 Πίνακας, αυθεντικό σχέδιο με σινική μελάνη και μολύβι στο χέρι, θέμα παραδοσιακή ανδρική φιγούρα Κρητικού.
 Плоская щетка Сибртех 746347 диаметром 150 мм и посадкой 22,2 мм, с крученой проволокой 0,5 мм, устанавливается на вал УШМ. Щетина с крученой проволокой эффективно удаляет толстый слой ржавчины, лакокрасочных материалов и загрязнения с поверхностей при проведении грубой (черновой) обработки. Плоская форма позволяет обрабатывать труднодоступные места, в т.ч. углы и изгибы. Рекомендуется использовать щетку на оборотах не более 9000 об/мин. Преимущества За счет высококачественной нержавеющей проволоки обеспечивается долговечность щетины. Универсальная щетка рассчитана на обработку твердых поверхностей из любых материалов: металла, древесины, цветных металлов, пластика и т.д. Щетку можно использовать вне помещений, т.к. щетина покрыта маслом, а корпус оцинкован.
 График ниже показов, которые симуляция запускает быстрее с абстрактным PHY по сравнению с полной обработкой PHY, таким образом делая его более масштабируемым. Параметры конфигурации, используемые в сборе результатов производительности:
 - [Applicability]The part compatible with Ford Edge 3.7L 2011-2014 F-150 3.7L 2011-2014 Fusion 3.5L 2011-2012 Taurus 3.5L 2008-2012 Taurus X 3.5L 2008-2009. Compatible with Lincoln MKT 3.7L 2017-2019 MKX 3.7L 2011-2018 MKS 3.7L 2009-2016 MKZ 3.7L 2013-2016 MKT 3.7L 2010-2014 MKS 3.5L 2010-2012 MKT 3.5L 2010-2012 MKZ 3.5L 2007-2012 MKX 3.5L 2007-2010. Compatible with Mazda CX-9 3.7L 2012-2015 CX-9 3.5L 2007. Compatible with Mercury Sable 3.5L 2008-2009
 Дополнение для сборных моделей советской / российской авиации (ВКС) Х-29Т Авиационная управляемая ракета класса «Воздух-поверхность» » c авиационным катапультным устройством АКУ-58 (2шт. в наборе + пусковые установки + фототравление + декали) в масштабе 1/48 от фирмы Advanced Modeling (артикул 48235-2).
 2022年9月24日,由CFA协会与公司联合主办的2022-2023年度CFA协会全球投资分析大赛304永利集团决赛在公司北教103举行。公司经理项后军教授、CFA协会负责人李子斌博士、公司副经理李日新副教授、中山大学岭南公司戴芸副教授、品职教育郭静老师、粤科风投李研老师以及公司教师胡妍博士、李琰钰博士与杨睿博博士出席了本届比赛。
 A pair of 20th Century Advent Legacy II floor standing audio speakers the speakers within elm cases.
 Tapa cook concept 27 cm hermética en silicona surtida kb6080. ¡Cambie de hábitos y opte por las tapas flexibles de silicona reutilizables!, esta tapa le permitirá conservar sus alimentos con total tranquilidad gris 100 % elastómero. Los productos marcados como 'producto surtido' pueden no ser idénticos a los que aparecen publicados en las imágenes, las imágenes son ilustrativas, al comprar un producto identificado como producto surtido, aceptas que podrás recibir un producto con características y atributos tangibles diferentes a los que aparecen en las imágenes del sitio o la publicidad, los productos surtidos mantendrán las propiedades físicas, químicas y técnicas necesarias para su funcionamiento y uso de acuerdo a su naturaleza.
__________
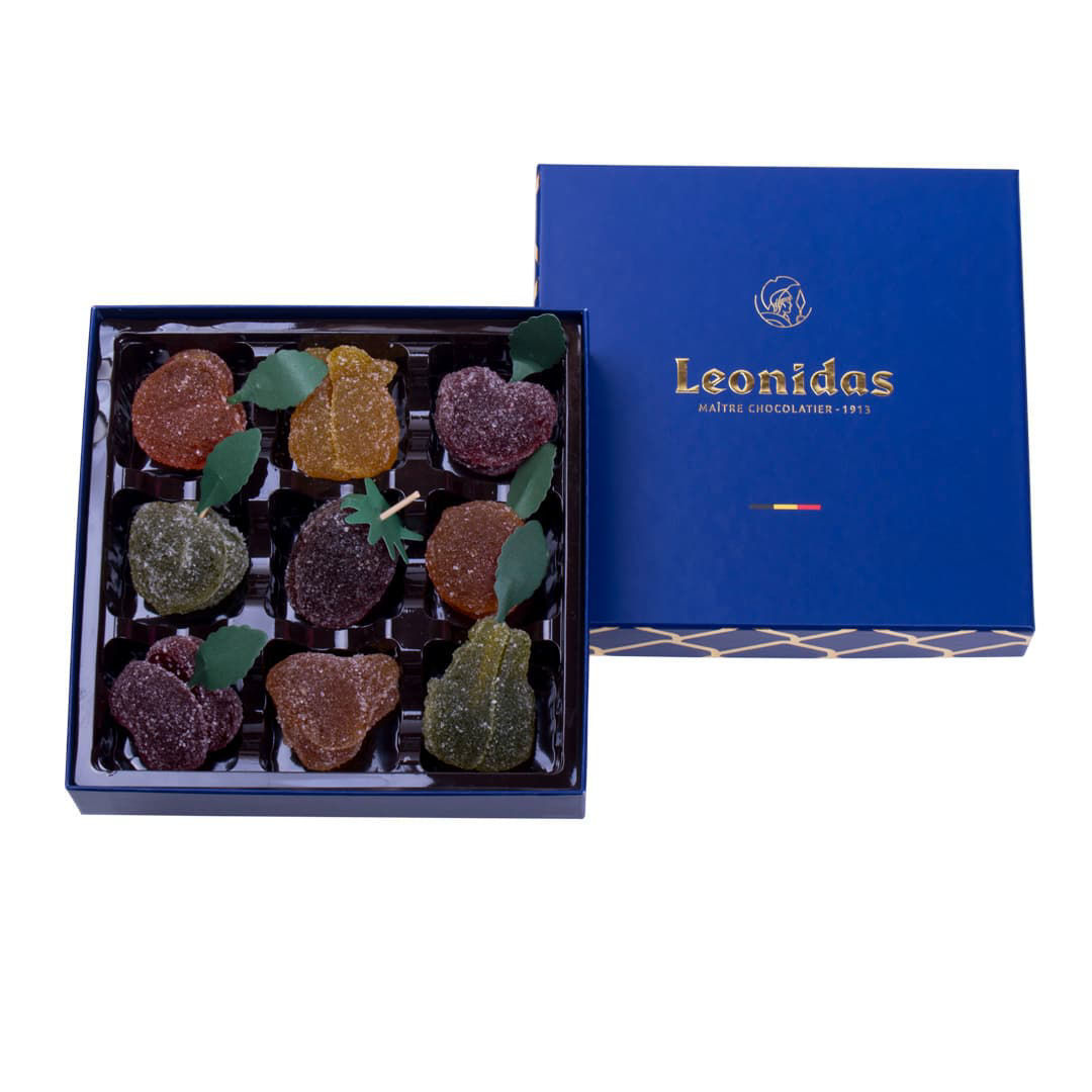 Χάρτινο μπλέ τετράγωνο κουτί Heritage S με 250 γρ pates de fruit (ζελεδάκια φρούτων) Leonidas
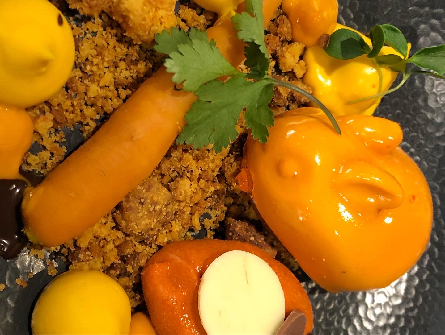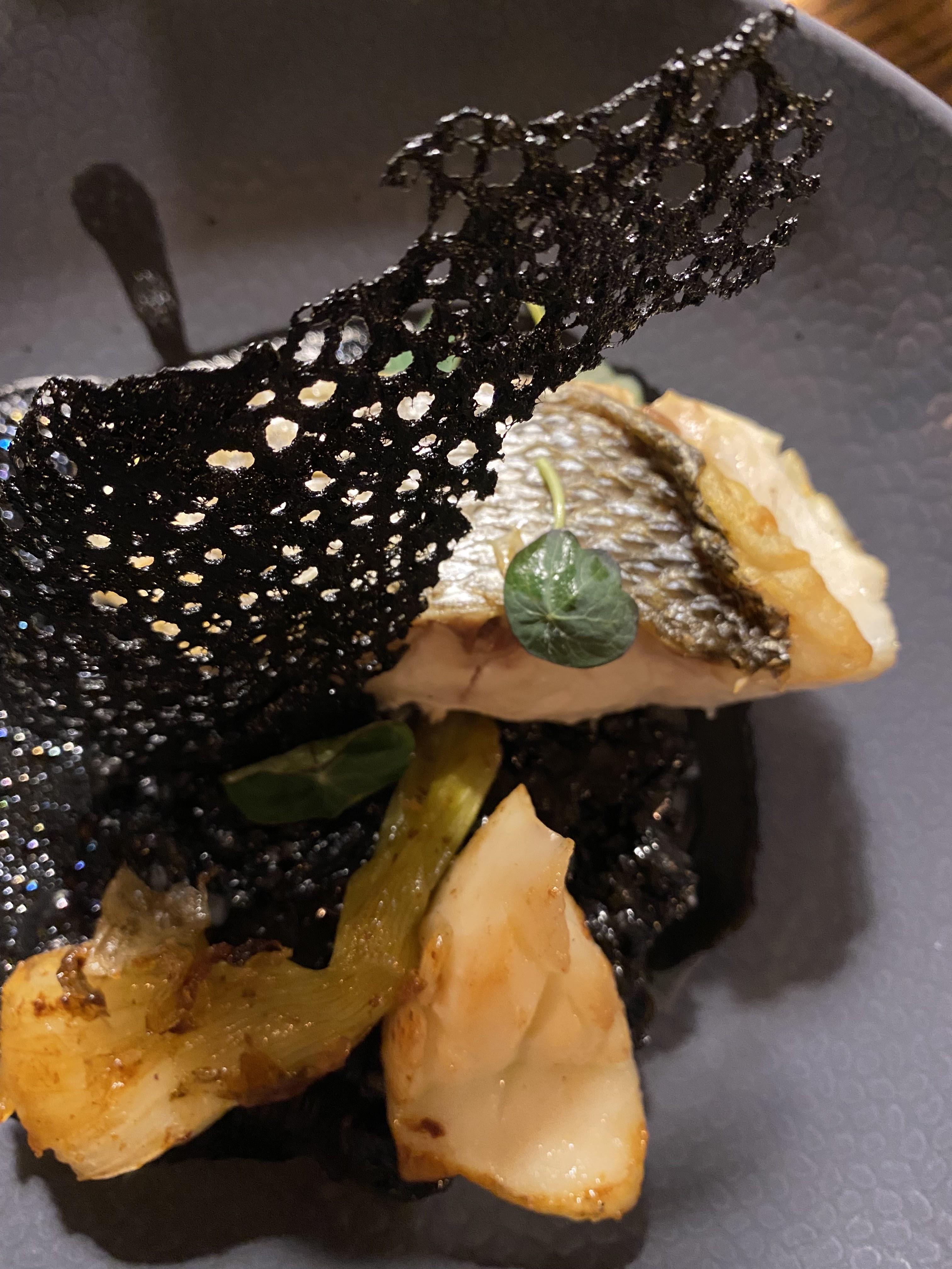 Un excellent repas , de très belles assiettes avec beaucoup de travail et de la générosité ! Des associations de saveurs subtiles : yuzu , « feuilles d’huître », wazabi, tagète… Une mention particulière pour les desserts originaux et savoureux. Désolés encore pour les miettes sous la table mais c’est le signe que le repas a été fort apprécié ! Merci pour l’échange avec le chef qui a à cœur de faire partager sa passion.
__________
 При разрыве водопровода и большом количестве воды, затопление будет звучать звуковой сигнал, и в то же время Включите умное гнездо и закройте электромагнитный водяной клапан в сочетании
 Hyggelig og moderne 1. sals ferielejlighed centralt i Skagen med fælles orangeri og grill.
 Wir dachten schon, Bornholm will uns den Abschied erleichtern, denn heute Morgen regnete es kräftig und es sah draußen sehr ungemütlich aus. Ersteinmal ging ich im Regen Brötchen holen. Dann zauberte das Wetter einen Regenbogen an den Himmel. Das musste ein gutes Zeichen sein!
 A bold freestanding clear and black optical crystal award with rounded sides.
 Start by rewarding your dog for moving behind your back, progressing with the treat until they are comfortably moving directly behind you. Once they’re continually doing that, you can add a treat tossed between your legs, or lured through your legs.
__________
● **WHAT IS BEING ASKED**
Above this task is a listing. Restate, word for word and with nothing added, the lines from the one with "Hyggelig og moderne" through the one with "Start by rewarding".

● **TASK RESPONSE**
 Hyggelig og moderne 1. sals ferielejlighed centralt i Skagen med fælles orangeri og grill.
 Wir dachten schon, Bornholm will uns den Abschied erleichtern, denn heute Morgen regnete es kräftig und es sah draußen sehr ungemütlich aus. Ersteinmal ging ich im Regen Brötchen holen. Dann zauberte das Wetter einen Regenbogen an den Himmel. Das musste ein gutes Zeichen sein!
 A bold freestanding clear and black optical crystal award with rounded sides.
 Start by rewarding your dog for moving behind your back, progressing with the treat until they are comfortably moving directly behind you. Once they’re continually doing that, you can add a treat tossed between your legs, or lured through your legs.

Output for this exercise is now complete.